Work item —
In the listing below, find the line that contains "7.2.1.28 Выполнять умножение" and the line that contains "Abentuerertour Stuttgart Abentuerertour". Quote both and every line between them, exactly, and nothing more.

Data provided —
▶
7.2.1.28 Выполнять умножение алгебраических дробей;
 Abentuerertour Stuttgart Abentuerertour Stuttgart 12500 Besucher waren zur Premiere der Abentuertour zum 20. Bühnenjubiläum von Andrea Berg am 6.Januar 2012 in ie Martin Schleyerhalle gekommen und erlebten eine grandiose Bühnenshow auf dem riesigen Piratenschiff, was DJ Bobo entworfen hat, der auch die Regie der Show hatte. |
◀
▶
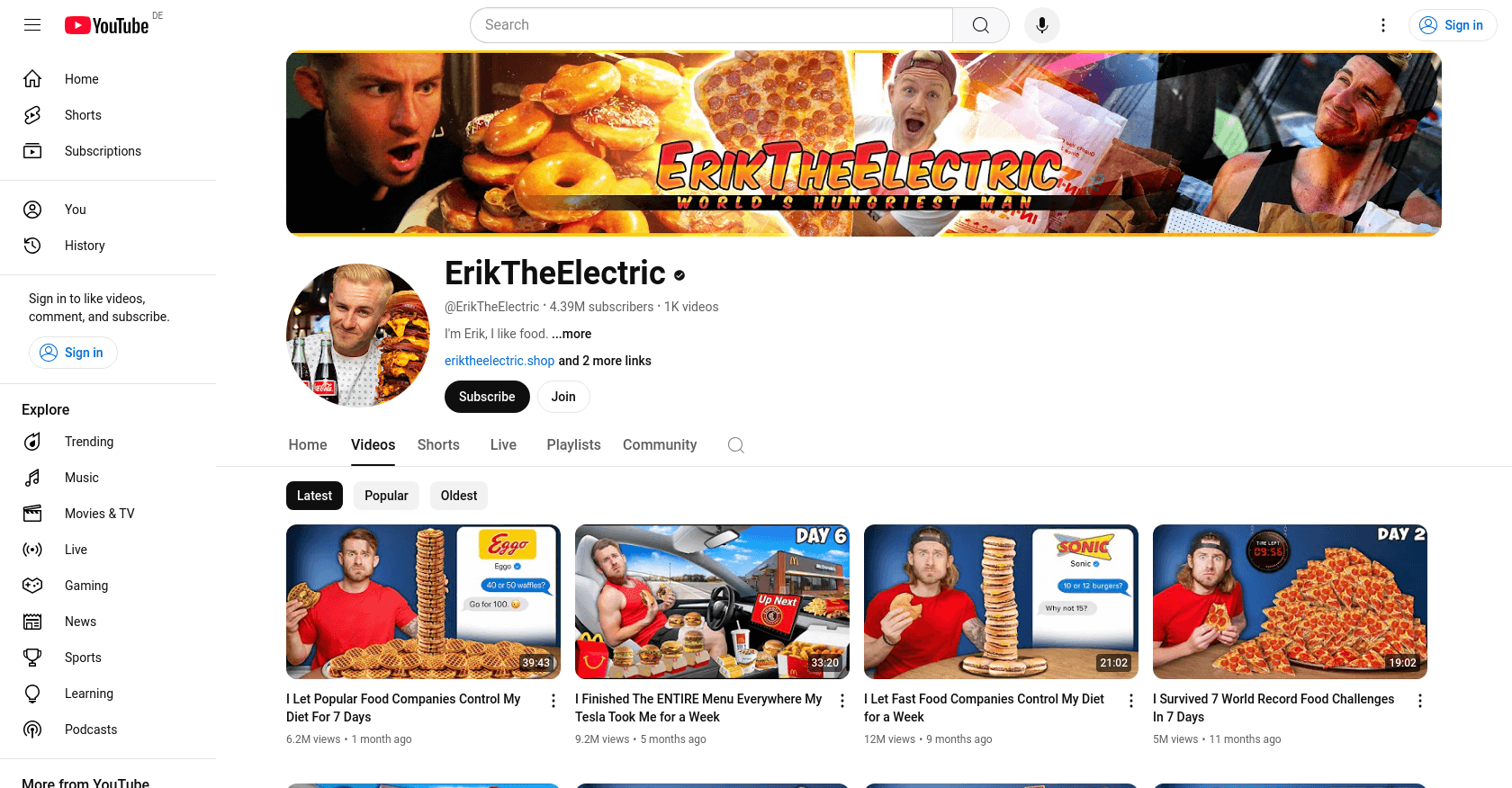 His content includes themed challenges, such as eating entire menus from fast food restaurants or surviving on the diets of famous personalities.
◀
Result of the exercise —
7.2.1.28 Выполнять умножение алгебраических дробей;
 Abentuerertour Stuttgart Abentuerertour Stuttgart 12500 Besucher waren zur Premiere der Abentuertour zum 20. Bühnenjubiläum von Andrea Berg am 6.Januar 2012 in ie Martin Schleyerhalle gekommen und erlebten eine grandiose Bühnenshow auf dem riesigen Piratenschiff, was DJ Bobo entworfen hat, der auch die Regie der Show hatte. |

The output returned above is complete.